With the pictures omitted, please transcribe exactly the lines beginning at the one that contains "Joint Agency, SoJA),以及這種感覺是否受到人們對機器人意圖歸因的影響。" and ending with the last line of the records below.

---- RECORDS TO USE

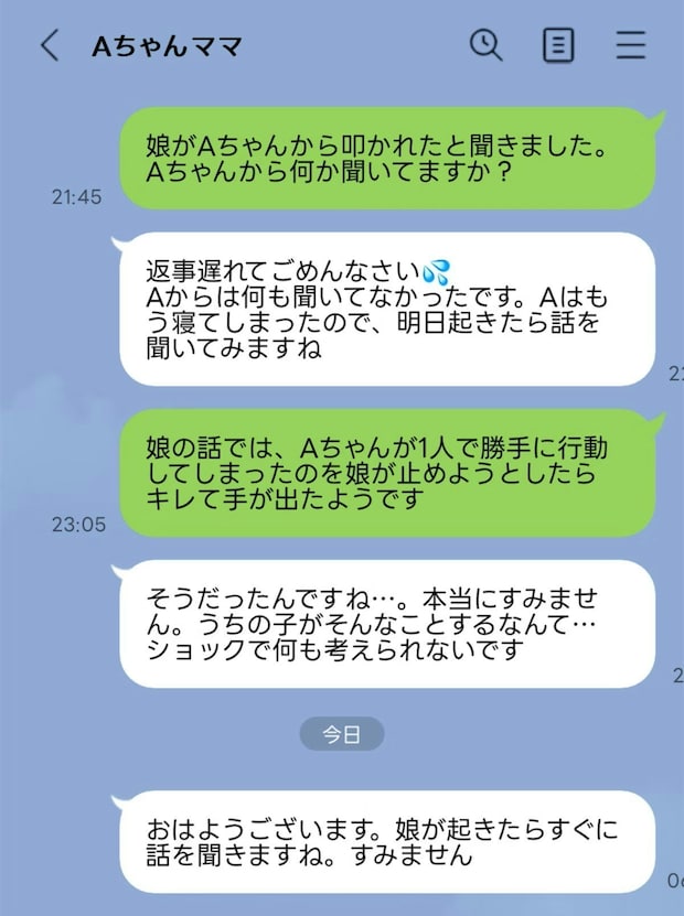 あまり話したことがないママさんでしたが、保育園からのつながりでグループLINEが出来てたので、そこから個人的に謝罪の連絡をしました。
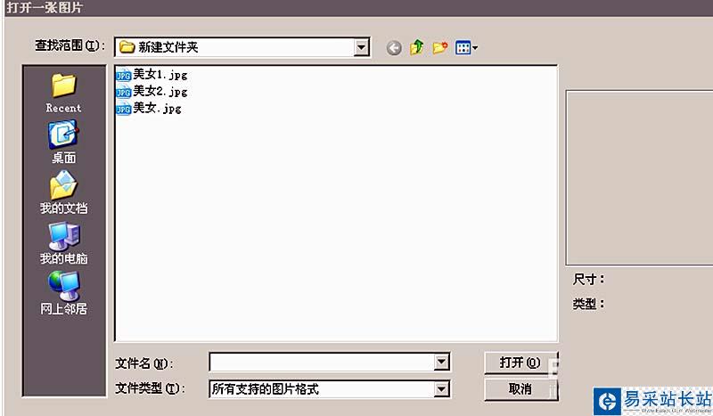 3、在打開一張圖片的對話框中,找到美女名稱打開。
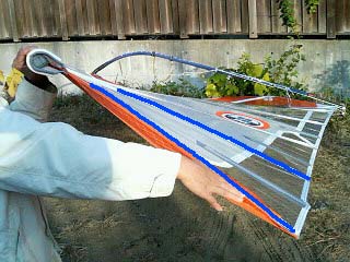 アクション系セイルの場合、バテンが真っすぐライン(青線)を描くのが最適ダウンテンションの目安。ひとつ注意として、ダウン不足でもバテンは真っすぐラインを描くため、このテンションを探す時は、一度強めにダウンを引き(バテンが下向き曲線を描くまで)、徐々に緩めながら(幾度もトップを持ち上げて確認して)行う。「強」から「弱」へテンションをチューニングすることで最適を探し出そう。写真はニールの08モデルCOMBAT。 ただし、アクション系セイルであっても、走り重視のセッティングを望むなら、前記したプレーニング系セイルと同等までダウンを追加する。すなわちバテンが(押して)下向きカーブを描くまで。そうしてダウンを強めにすることで、セイルを引き込み続ける際のセイル安定感を高めることができる。 |
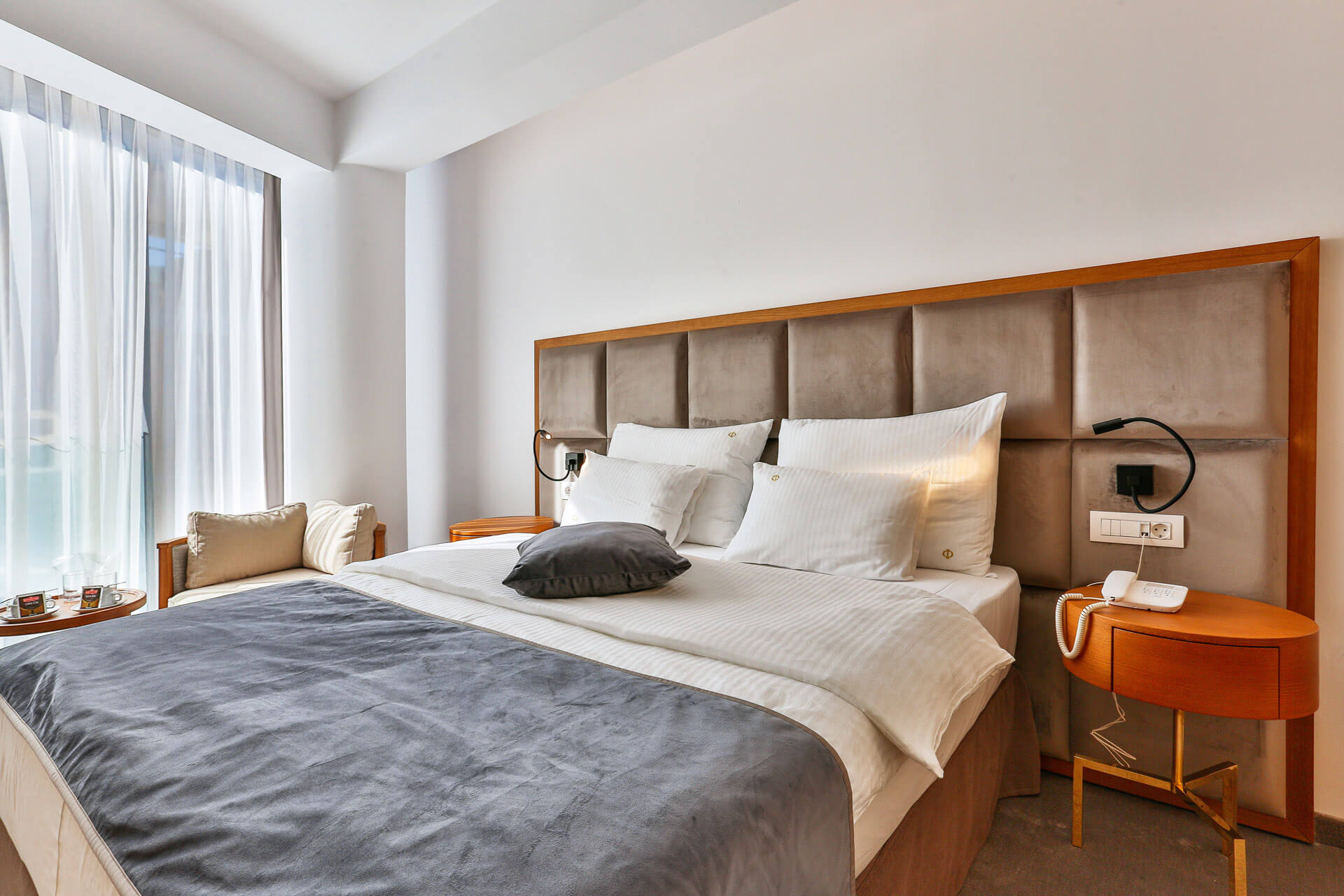 Standard double/twin room – cca 25m2, a vrsta kreveta u sobama je King size krevet, dimenzija 180×200, balkon. Maksimalna popunjenost – 2 osobe.
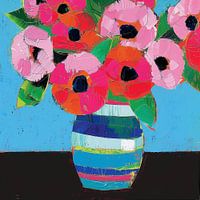 Levendig en kleurrijk boeket bloemen in een gestreepte vaas. De bloemen zijn gedomineerd door felle tinten roze, rood en oranje, met contrasterende zwarte harten en groene bladeren. De achtergrond is een helderblauw vlak, wat de felle kleuren van de bloemen nog meer laat opvallen. De vaas is horizontaal gestreept in verschillende tinten blauw, groen en wit, wat een speels en dynamisch effect geeft. De dikke, zichtbare penseelstreken en het gebruik van grove textuur geven het werk een expressieve, bijna abstracte uitstraling. Het geheel straalt energie en vreugde uit, en de eenvoudige maar krachtige compositie trekt direct de aandacht.
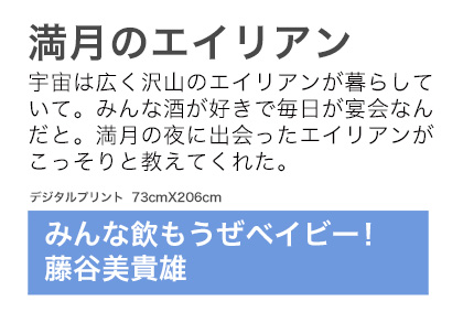 第17回東京展・春季会員展 2024 「満月のエイリアン」 今年で17回目になる東京展・春季会員展に参加。 2024年2月19日(月)〜2月24日(土) 104-0061 東京都中央区銀座6-13-6 商工聯合会ビル2F 03-6264-1683 ギャラリー暁にて開催。
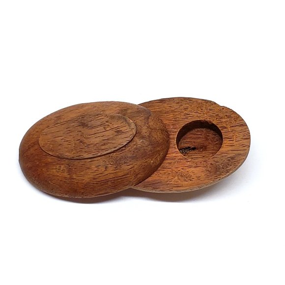 Vintage Oval Hinged Box Trinket Hard Wood Stash 2.5"
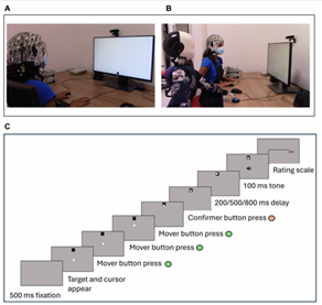 在這項研究中,科學家們使用了時間間隔估計任務(如圖2)和腦電圖(EEG)(如圖3)來評估人們在與機器人合作時是否能感受到共同代理感(Sense of Joint Agency, SoJA),以及這種感覺是否受到人們對機器人意圖歸因的影響。
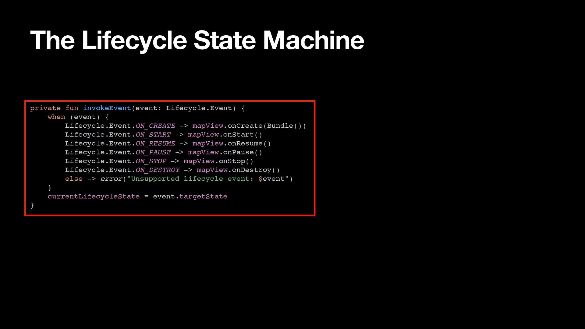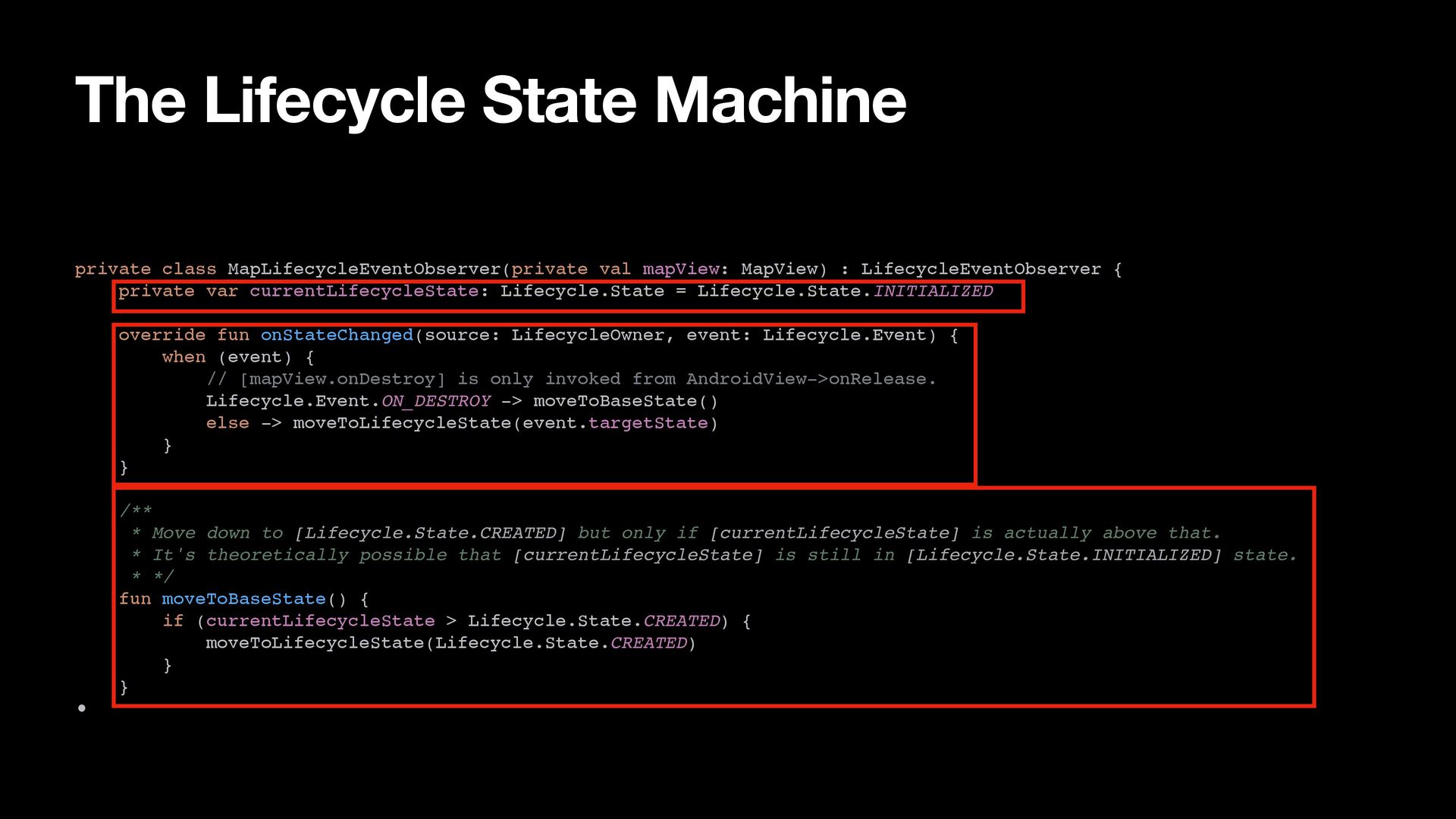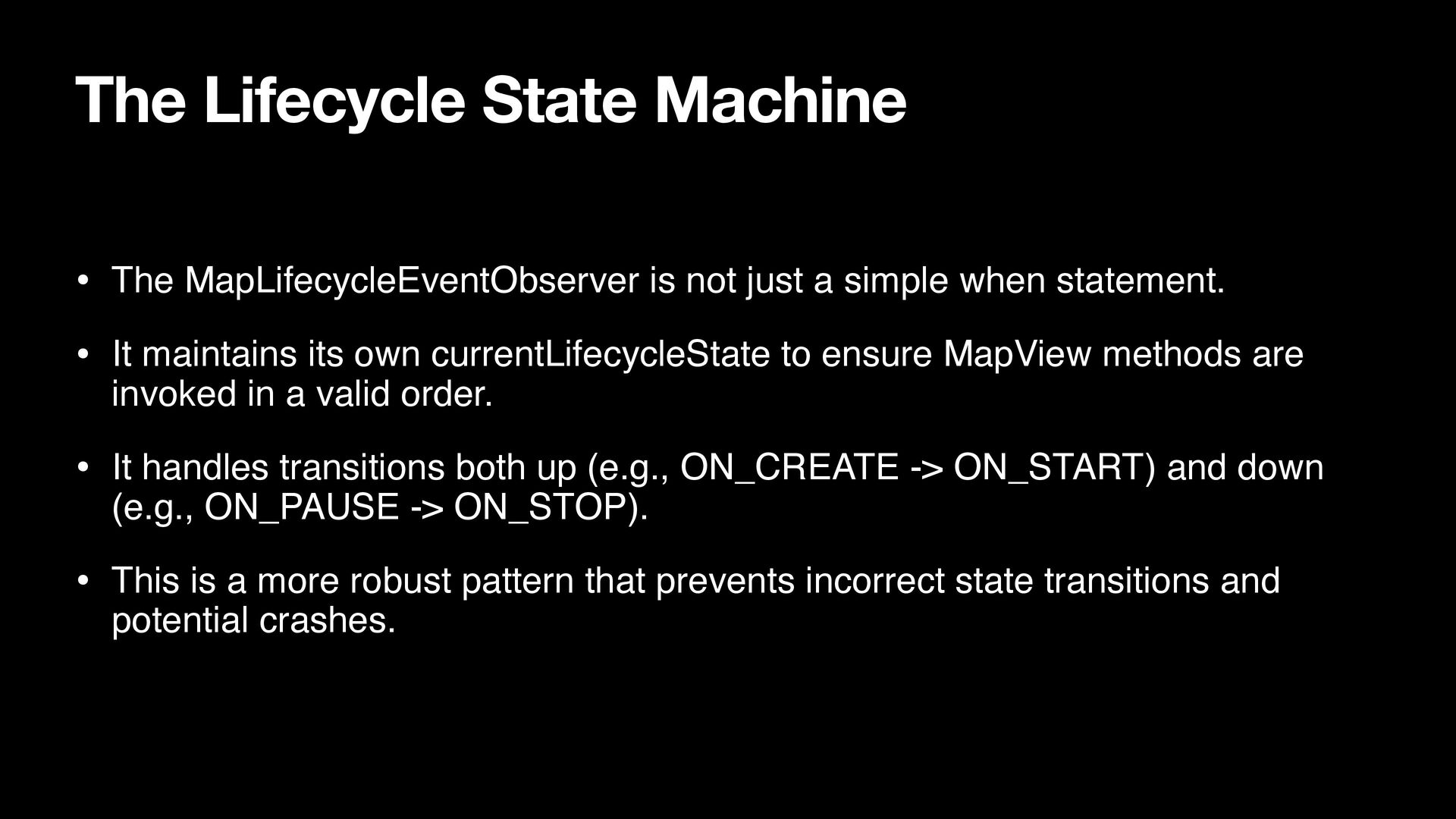 a simple when statement. • It maintains its own currentLifecycleState to ensure MapView methods are invoked in a valid order. • It handles transitions both up (e.g., ON_CREATE -> ON_START) and down (e.g., ON_PAUSE -> ON_STOP). • This is a more robust pattern that prevents incorrect state transitions and potential crashes.

--------

**OUTPUT FOR THIS TASK:**
 在這項研究中,科學家們使用了時間間隔估計任務(如圖2)和腦電圖(EEG)(如圖3)來評估人們在與機器人合作時是否能感受到共同代理感(Sense of Joint Agency, SoJA),以及這種感覺是否受到人們對機器人意圖歸因的影響。
 a simple when statement. • It maintains its own currentLifecycleState to ensure MapView methods are invoked in a valid order. • It handles transitions both up (e.g., ON_CREATE -> ON_START) and down (e.g., ON_PAUSE -> ON_STOP). • This is a more robust pattern that prevents incorrect state transitions and potential crashes.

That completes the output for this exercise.